● **Exercise objective**: Quote the lines of the data below verbatim, beginning at the line that contains "இப்படி ஒரு பட்டியலை" and ending at the last line, both included, and excluding pictures.

[Records drawn from a dataset]
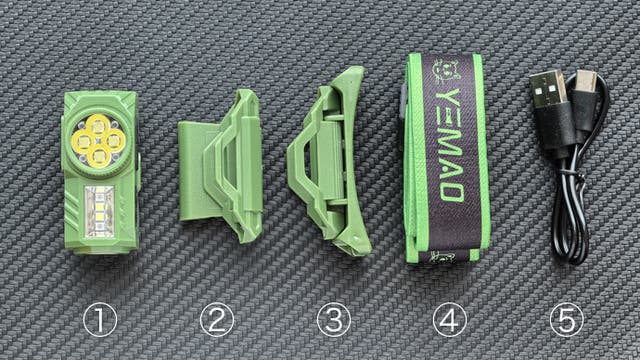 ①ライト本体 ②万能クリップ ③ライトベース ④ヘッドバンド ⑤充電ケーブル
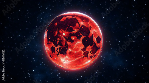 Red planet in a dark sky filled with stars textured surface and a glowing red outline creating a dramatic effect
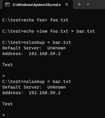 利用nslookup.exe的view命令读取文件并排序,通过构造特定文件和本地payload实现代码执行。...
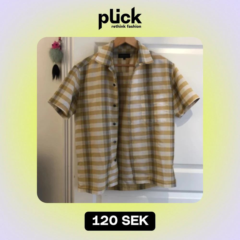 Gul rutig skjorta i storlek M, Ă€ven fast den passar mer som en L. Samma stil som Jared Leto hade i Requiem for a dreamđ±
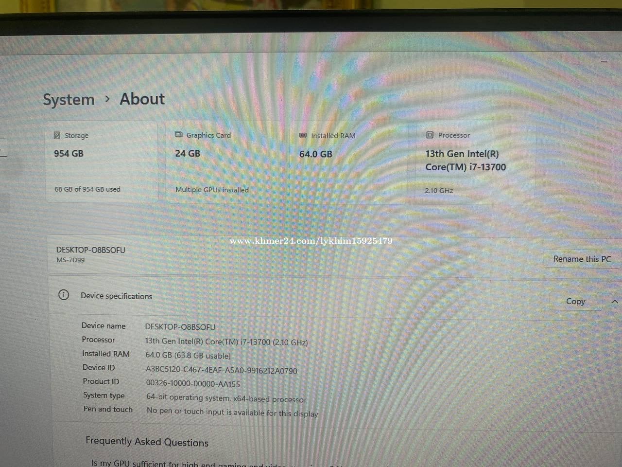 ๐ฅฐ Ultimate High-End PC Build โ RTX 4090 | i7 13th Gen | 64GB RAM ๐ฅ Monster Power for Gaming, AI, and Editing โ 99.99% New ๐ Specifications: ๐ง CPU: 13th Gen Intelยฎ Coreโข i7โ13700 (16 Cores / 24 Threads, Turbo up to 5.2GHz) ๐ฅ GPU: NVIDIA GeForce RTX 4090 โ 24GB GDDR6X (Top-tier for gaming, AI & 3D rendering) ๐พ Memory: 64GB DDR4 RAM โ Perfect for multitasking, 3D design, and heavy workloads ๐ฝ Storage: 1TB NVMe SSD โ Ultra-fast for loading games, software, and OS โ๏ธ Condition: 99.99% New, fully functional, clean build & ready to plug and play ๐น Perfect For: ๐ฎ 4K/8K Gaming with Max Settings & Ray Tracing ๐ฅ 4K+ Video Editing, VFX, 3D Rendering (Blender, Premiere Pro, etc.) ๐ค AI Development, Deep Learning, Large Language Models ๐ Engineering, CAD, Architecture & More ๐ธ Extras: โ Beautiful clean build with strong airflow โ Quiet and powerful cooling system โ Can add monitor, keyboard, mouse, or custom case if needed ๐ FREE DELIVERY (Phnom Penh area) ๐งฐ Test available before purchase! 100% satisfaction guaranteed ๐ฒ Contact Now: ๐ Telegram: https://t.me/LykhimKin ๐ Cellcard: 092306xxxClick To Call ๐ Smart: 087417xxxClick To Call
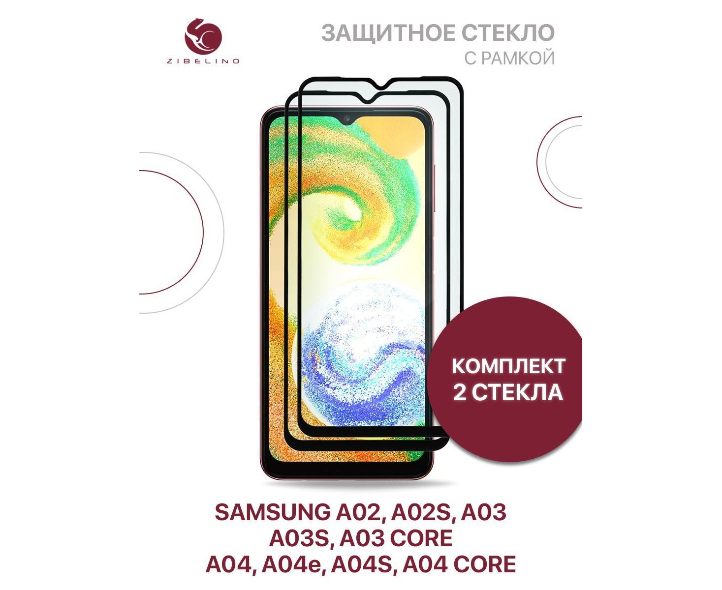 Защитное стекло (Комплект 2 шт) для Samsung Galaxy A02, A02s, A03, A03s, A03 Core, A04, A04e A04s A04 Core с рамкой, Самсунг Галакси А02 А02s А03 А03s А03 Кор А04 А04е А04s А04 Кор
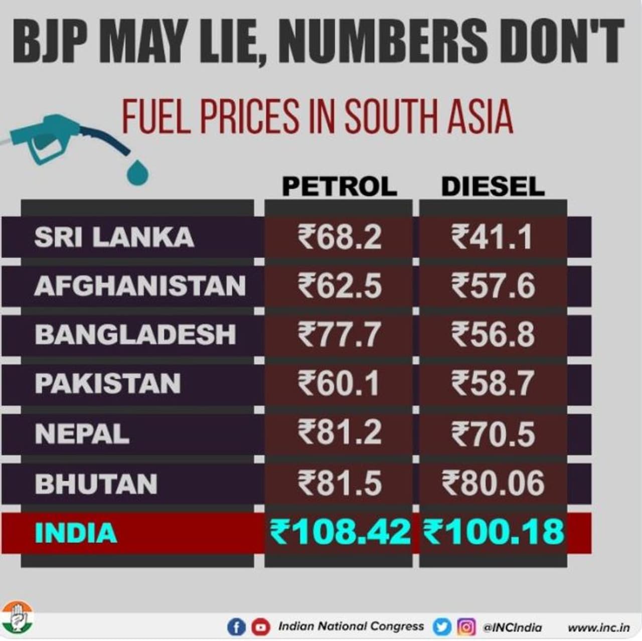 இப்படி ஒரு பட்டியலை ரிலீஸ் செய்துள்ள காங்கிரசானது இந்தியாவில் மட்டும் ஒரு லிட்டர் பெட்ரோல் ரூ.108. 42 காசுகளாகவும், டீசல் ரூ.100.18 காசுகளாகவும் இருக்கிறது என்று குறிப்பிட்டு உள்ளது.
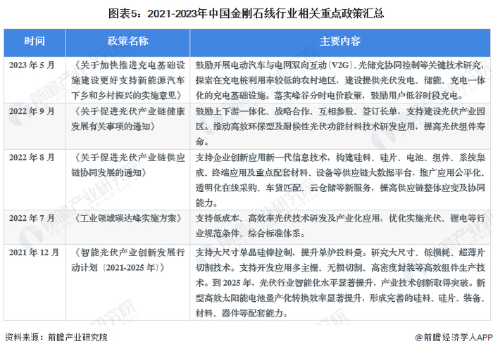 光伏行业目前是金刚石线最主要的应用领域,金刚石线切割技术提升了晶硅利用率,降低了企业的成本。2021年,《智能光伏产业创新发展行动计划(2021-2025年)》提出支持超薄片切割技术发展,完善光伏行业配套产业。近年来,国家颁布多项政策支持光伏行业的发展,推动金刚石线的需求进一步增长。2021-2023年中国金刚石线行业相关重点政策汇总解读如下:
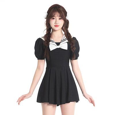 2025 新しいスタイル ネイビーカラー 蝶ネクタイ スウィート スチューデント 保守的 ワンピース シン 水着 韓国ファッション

● **Task response**:
 இப்படி ஒரு பட்டியலை ரிலீஸ் செய்துள்ள காங்கிரசானது இந்தியாவில் மட்டும் ஒரு லிட்டர் பெட்ரோல் ரூ.108. 42 காசுகளாகவும், டீசல் ரூ.100.18 காசுகளாகவும் இருக்கிறது என்று குறிப்பிட்டு உள்ளது.
 光伏行业目前是金刚石线最主要的应用领域,金刚石线切割技术提升了晶硅利用率,降低了企业的成本。2021年,《智能光伏产业创新发展行动计划(2021-2025年)》提出支持超薄片切割技术发展,完善光伏行业配套产业。近年来,国家颁布多项政策支持光伏行业的发展,推动金刚石线的需求进一步增长。2021-2023年中国金刚石线行业相关重点政策汇总解读如下:
 2025 新しいスタイル ネイビーカラー 蝶ネクタイ スウィート スチューデント 保守的 ワンピース シン 水着 韓国ファッション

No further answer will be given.